Pung Nugroho, Direktur Pemantauan dan Operasi Armada Kementerian Kelautan dan Perikanan, mengatakan memang ada sengketa batas wilayah di perairan tersebut. Ada daerah yang diklaim oleh Vietnam karena dasar landas kontinen. Tapi, menurut zona ekonomi eksklusif (ZEE), wilayah itu masuk Indonesia. “Ada perbedaan pengukuran. Indonesia menggunakan ZEE yang diukur dari 200 mil di atas air dari pulau terluar. Sedangkan kontinen dari dasar laut pulau terluar sampai palung habis,” katanya.
Pung Nugroho Saksono di kantornya, Agustus 2021. Foto: Abdul Manan
Seperti halnya di Malaysia, dampak dari pencurian ikan oleh kapal asing itu lebih dirasakan oleh nelayan, khususnya di Natuna. Menurut Ketua Aliansi Nelayan Natuna, Hendri, nelayan Natuna yang jumlahnya sekitar 8.000 orang, sebagian besar menggunakan pancing ulur dan pancing tonda. Pancing ulur dipakai untuk menangkap ikan dasar di sekitar karang, sedangkan pancing tonda untuk menangkap ikan tongkol di permukaan. Yang lainnya, sekitar 500 orang, menangkap ikan dengan bubu apung, yang lokasinya di dekat pantai atau yang terjauh 15 mil.
Pancing ulur sangat tergantung pada keberadaan karang. Pancing ulur, yang bisa berisi tiga mata pancing itu diulur ke dalam laut di daerah sekitar karang di kedalaman sekitar 80 meter di tengah laut. Nelayan sudah tahu lokasinya karena merekamnya di perangkat pelacak posisi (GPS). Setiba di sana, pancing diulur dan biasanya umpannya langsung dimakan ikan. "Sekarang spot itu hancur semua karena kapal Vietnam menggunakan pair-trawl," kata dia.
Endang Firdaus, tekong untuk kapalnya sendiri yang berdaya muat 4 gross tonnage, merasakan berkurangnya penghasilan nelayan beberapa tahun terakhir. Ia menyebut penyebabnya adalah kapal nelayan asing yang merusak karang dengan pukat harimau. Hasil tangkapannya kini jauh berbeda dengan beberapa tahun sebelumnya. Pada 2014, ia bisa mendapatkan ikan 700 kilogram untuk satu kali jalan selama delapan hari. Sekarang ia mendapatkan 400 kilogram. "Area pancing kita sudah banyak habis oleh trawl kapal asing," katanya.

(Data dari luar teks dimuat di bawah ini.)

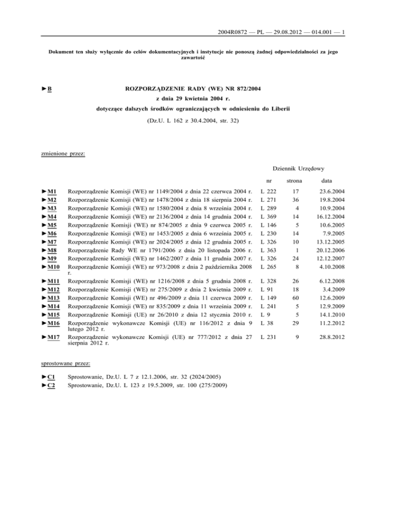 2004R0872 — PL — 29.08.2012 — 014.001 — 1 Dokument ten służy wyłącznie do celów dokumentacyjnych i instytucje nie ponoszą żadnej odpowiedzialności za jego zawartość ROZPORZĄDZENIE RADY (WE) NR 872/2004 ►B z dnia 29 kwietnia 2004 r. dotyczące dalszych środków ograniczających w odniesieniu do Liberii (Dz.U. L 162 z 30.4.2004, str. 32) zmienione przez: Dziennik Urzędowy nr ►M1 ►M2 ►M3 ►M4 ►M5 ►M6 ►M7 ►M8 ►M9 ►M10 ►M11 ►M12 ►M13 ►M14 ►M15 ►M16 ►M17 Rozporządzenie Komisji (WE) nr 1149/2004 z dnia 22 czerwca 2004 r. Rozporządzenie Komisji (WE) nr 1478/2004 z dnia 18 sierpnia 2004 r. Rozporządzenie Komisji (WE) nr 1580/2004 z dnia 8 września 2004 r. Rozporządzenie Komisji (WE) nr 2136/2004 z dnia 14 grudnia 2004 r. Rozporządzenie Komisji (WE) nr 874/2005 z dnia 9 czerwca 2005 r. Rozporządzenie Komisji (WE) nr 1453/2005 z dnia 6 września 2005 r. Rozporządzenie Komisji (WE) nr 2024/2005 z dnia 12 grudnia 2005 r. Rozporządzenie Rady WE nr 1791/2006 z dnia 20 listopada 2006 r. Rozporządzenie Komisji (WE) nr 1462/2007 z dnia 11 grudnia 2007 r. Rozporządzenie Komisji (WE) nr 973/2008 z dnia 2 października 2008 r. Rozporządzenie Komisji (WE) nr 1216/2008 z dnia 5 grudnia 2008 r. Rozporządzenie Komisji (WE) nr 275/2009 z dnia 2 kwietnia 2009 r. Rozporządzenie Komisji (WE) nr 496/2009 z dnia 11 czerwca 2009 r. Rozporządzenie Komisji (WE) nr 835/2009 z dnia 11 września 2009 r. Rozporządzenie Komisji (UE) nr 26/2010 z dnia 12 stycznia 2010 r. Rozporządzenie wykonawcze Komisji (UE) nr 116/2012 z dnia 9 lutego 2012 r. Rozporządzenie wykonawcze Komisji (UE) nr 777/2012 z dnia 27 sierpnia 2012 r. sprostowane przez: ►C1 ►C2 Sprostowanie, Dz.U. L 7 z 12.1.2006, str. 32 (2024/2005) Sprostowanie, Dz.U. L 123 z 19.5.2009, str. 100 (275/2009) strona data L L L L L L L L L L 222 271 289 369 146 230 326 363 326 265 17 36 4 14 5 14 10 1 24 8 23.6.2004 19.8.2004 10.9.2004 16.12.2004 10.6.2005 7.9.2005 13.12.2005 20.12.2006 12.12.2007 4.10.2008 L L L L L L 328 91 149 241 9 38 26 18 60 5 5 29 6.12.2008 3.4.2009 12.6.2009 12.9.2009 14.1.2010 11.2.2012 L 231 9 28.8.2012 2004R0872 — PL — 29.08.2012 — 014.001 — 2 ▼B ROZPORZĄDZENIE RADY (WE) NR 872/2004 z dnia 29 kwietnia 2004 r. dotyczące dalszych środków ograniczających w odniesieniu do Liberii RADA UNII EUROPEJSKIEJ, uwzględniając Traktat ustanawiający Wspólnotę Europejską, w szcze gólności jego art. 60 i 301, uwzględniając wspólne stanowisko Rady 2004/487/WPZiB z dnia 29 kwietnia 2004 r. dotyczące zamrożenia funduszy byłego prezydenta Liberii Charlesa Taylora oraz osób i podmiotów z nim związanych (1), uwzględniając wniosek Komisji, a także mając na uwadze, co następuje: (1) Dnia 10 lutego 2004 r. Rada, po przyjęciu przez Radę Bezpieczeństwa Organizacji Narodów Zjednoczonych rezolucji 1521 (2003) określającej zrewidowane środki działania w odnie sieniu do Liberii w celu uwzględnienia rozwoju sytuacji w Liberii, a w szczególności odejścia byłego prezydenta Charlesa Taylora, oraz po przyjęciu przez Radę wspólnego stanowiska 2004/137/WPZiB z dnia 10 lutego 2004 r. dotyczącego środków restrykcyjnych skierowanych przeciwko Liberii (2), przyjęła rozporządzenie 234/2004 nakładające środki ograniczające w odniesieniu do Liberii (3). (2) Rezolucja RB ONZ 1532 (2004) z dnia 12 marca 2004 r. przewiduje, że fundusze i zasoby gospodarcze będące w posiadaniu lub pod kontrolą byłego prezydenta Liberii Charlesa Taylora, Jwella Howarda Taylora i Charlesa Taylora Jr, innych najbliższych członków jego rodziny, jego byłych wyższych urzędników oraz innych bliskich współpracowników i osoby go wspierające wskazane przez Komitet Rady Bezpieczeństwa ustanowiony na mocy ust. 21 rezolucji RB ONZ 1521 (2003) powinny zostać zamrożone. (3) Działania i polityki byłego prezydenta Liberii Charlesa Taylora oraz innych osób, a w szczególności zubożenie zasobów Liberii i ich wyprowadzenie z tego kraju oraz kradzież funduszy i własności Liberii, utrudniły Liberii przejście do demokracji i właściwy rozwój jej politycznych, administracyjnych i gospo darczych instytucji i zasobów. (4) Z uwagi na negatywny wpływ, jaki ma na Liberię transfer za granicę sprzeniewierzonych funduszy i aktywów oraz wykorzy stywanie tych funduszy przez Charlesa Taylora i osób go wspie rających dla osłabiania pokoju i stabilności w Liberii i w regionie, konieczne jest zamrożenie funduszy należących do Charlesa Taylora i osób go wspierających. (5) Wspólne stanowisko 2004/487/WPZiB przewiduje zamrożenie funduszy i zasobów gospodarczych należących do byłego prezydenta Liberii Charlesa Taylora i członków jego najbliższej rodziny, jego byłych wyższych urzędników i innych bliskich współpracowników i osób go wspierających. (1) Dz.U. L 162 z 30.4.2004, str. 116. (2) Dz.U. L 40 z 12.2.2004, str. 35. (3) Dz.U. L 40 z 12.2.2004, str. 1. 2004R0872 — PL — 29.08.2012 — 014.001 — 3 ▼B (6) Środki te objęte są zakresem Traktatu i z tego powodu, w celu uniknięcia jakiegokolwiek zakłócenia konkurencji, konieczne jest prawodawstwo wspólnotowe, aby wykonać je w zakresie, w jakim dotyczy to Wspólnoty. Do celów niniejszego rozporządzenia terytorium Wspólnoty obejmuje wszystkie terytoria Państw Członkowskich, w których stosuje się postano wienia Traktatu, zgodnie z warunkami ustanowionymi w tym Traktacie. (7) Wspólne stanowisko 2004/487/WPZiB przewiduje również możliwość przyznania określonych wyłączeń z wymogu zamrożenia z przyczyn humanitarnych, w celu spłacenia zastawu lub wykonania orzeczenia wydanego przed uchwaleniem rezolucji RB ONZ 1532 (2004). (8) Rada Bezpieczeństwa ONZ wyraziła swój zamiar rozpatrzenia, czy i w jaki sposób umożliwić rządowi Liberii korzystanie z funduszy i zasobów gospodarczych zamrożonych na mocy rezolucji RB ONZ 1532 (2004) po ustanowieniu przez ten rząd przejrzystego mech

Endang mengaku sering berpapasan dengan kapal nelayan Vietnam. Pada awal 2020, dia mengaku bertemu kapal nelayan asing itu di area sekitar 30 mil dari Pulau Laut Kepulauan Natuna. Ia memilih menghindar. "Melawan susah. Kapal mereka besar, dan mereka tidak sendirian," ujarnya. Menurut dia, Laut Natuna Utara seperti diserbu kapal nelayan asing sejak akhir 2019 lalu.
Hendri mengatakan banjirnya kapal ikan asing membuat pendapatan nelayan berkurang. Tahun 2005 sampai 2010, nelayan yang melaut sehari, bisa mendapatkan 100 kilogram ikan kakap merah dan kakap anggoli. Dengan perolehan Rp 2 juta, maka kapten kapal yang juga pemilik kapal mendapat bagian Rp 1 juta, sedangkan dua ABK-nya masing-masing Rp 500 ribu. "Sekarang cari Rp 500 ribu saja susah," katanya.

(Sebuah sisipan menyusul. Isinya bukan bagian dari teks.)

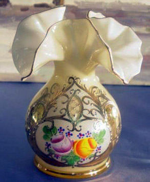 Bohemian 24k Gold Plated Hand Painted Light Yellow Small Enamel Vase

Ketua Aliansi Nelayan Natuna, Hendri. Foto: Dok Pribadi
Untuk yang memancing jauh selama 10 hari, beberapa tahun lalu mereka bisa membawa 1,5-2 ton ikan kakap merah dan kerapu. Dengan hasil tangkapan bisa mencapai Rp 70 juta, pendapatan bersihnya sekitar Rp 50 juta. ABK biasanya digaji Rp 7 juta per orang. "Sekarang mendapatkan Rp 1-2 juta saja sudah susah. Maksimal Rp 2-2,5 juta," kata Hendri.
Situasi berbeda dialami oleh nelayan bubu apung yang melaut selama 18 hari dalam sebulan. Menurut Hendri, mereka relatif tidak terlalu terpengaruh oleh kapal asing. Hasil yang didapat adalah ikan permukaan, seperti tongkol. Harganya tentu lebih murah daripada ikan dasar laut. "Kalau dalam satu masa kerja itu, ABK bisa bergaji sampai Rp 5 juta," kata dia.

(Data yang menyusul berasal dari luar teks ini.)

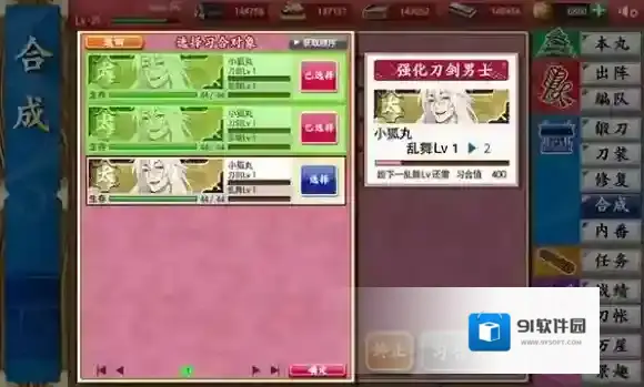通过「习合」使用相同的刀剑男士来提升「乱舞」等级。

Hendri mengingat bahwa masa-masa emas nelayan di Natuna itu terjadi sebelum 2010. Kala itu, ikan berlimpah dan harga jualnya bagus karena permintaan datang dari Tanjungpinang, Batam, dan Pontianak, bahkan Singapura dan Malaysia. Kini, setelah masa itu surut, mereka tak punya pilihan untuk berganti pekerjaan. "Mau tidak mau tetap ke laut meski hasilnya sedikit," katanya.